ACTIVITY:
Below is a listing with pictures in it; transcribe exactly the lines from the one that has "畫中題詞:「谿家老婦閑無事 落日呼歸白鼻豚」" through the one that has "Снимките показват огромна", and omit those pictures.

TASK DATA:
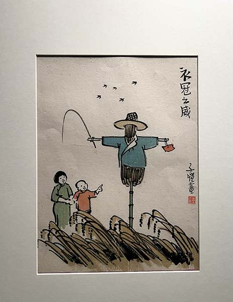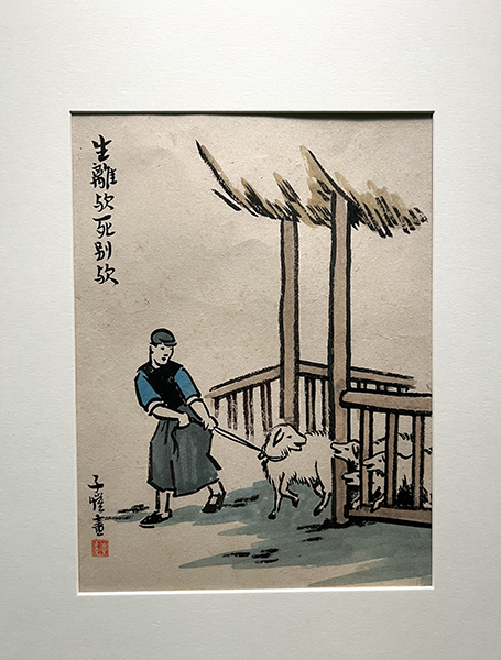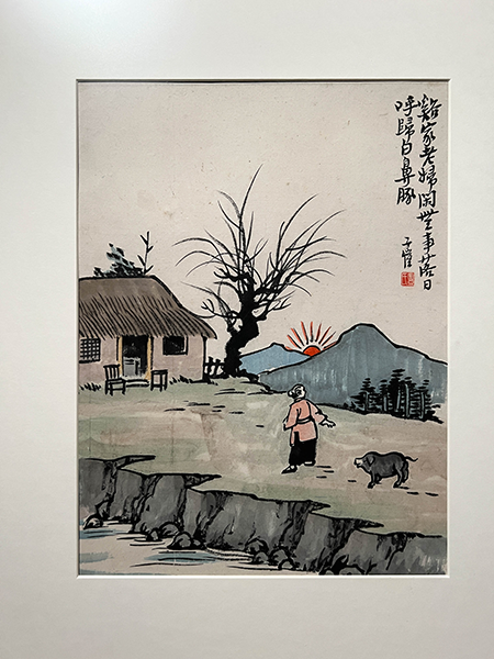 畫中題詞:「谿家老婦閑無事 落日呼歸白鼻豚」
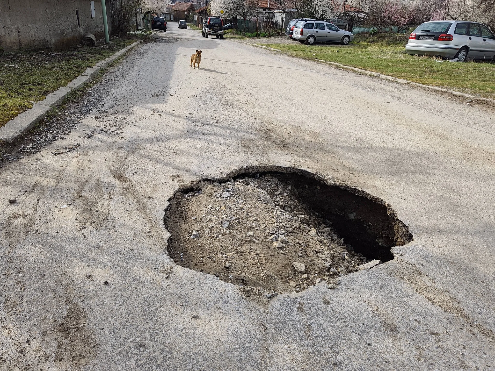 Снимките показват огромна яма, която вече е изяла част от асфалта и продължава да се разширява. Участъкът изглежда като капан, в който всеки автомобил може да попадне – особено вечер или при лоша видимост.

==

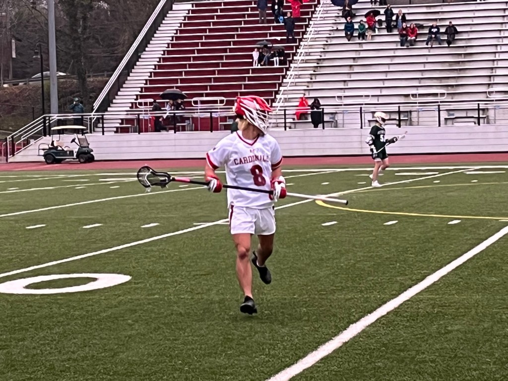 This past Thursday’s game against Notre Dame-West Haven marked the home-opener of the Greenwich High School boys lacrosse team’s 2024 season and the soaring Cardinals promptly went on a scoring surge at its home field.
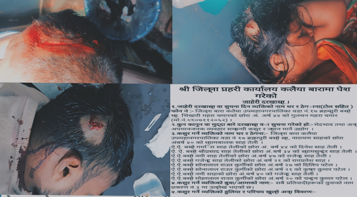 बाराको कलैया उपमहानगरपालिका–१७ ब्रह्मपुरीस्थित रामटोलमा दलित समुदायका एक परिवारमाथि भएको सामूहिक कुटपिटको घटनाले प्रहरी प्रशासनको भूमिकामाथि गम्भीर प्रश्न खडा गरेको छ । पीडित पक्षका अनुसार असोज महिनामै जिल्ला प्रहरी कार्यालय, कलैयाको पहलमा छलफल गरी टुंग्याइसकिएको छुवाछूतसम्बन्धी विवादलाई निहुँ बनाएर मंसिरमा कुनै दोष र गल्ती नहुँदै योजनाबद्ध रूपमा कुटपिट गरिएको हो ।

...

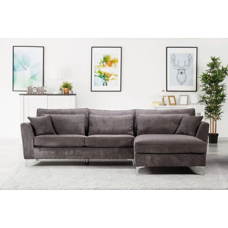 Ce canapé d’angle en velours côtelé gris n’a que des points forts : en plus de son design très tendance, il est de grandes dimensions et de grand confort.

SOLVED PROBLEM:
 畫中題詞:「谿家老婦閑無事 落日呼歸白鼻豚」
 Снимките показват огромна яма, която вече е изяла част от асфалта и продължава да се разширява. Участъкът изглежда като капан, в който всеки автомобил може да попадне – особено вечер или при лоша видимост.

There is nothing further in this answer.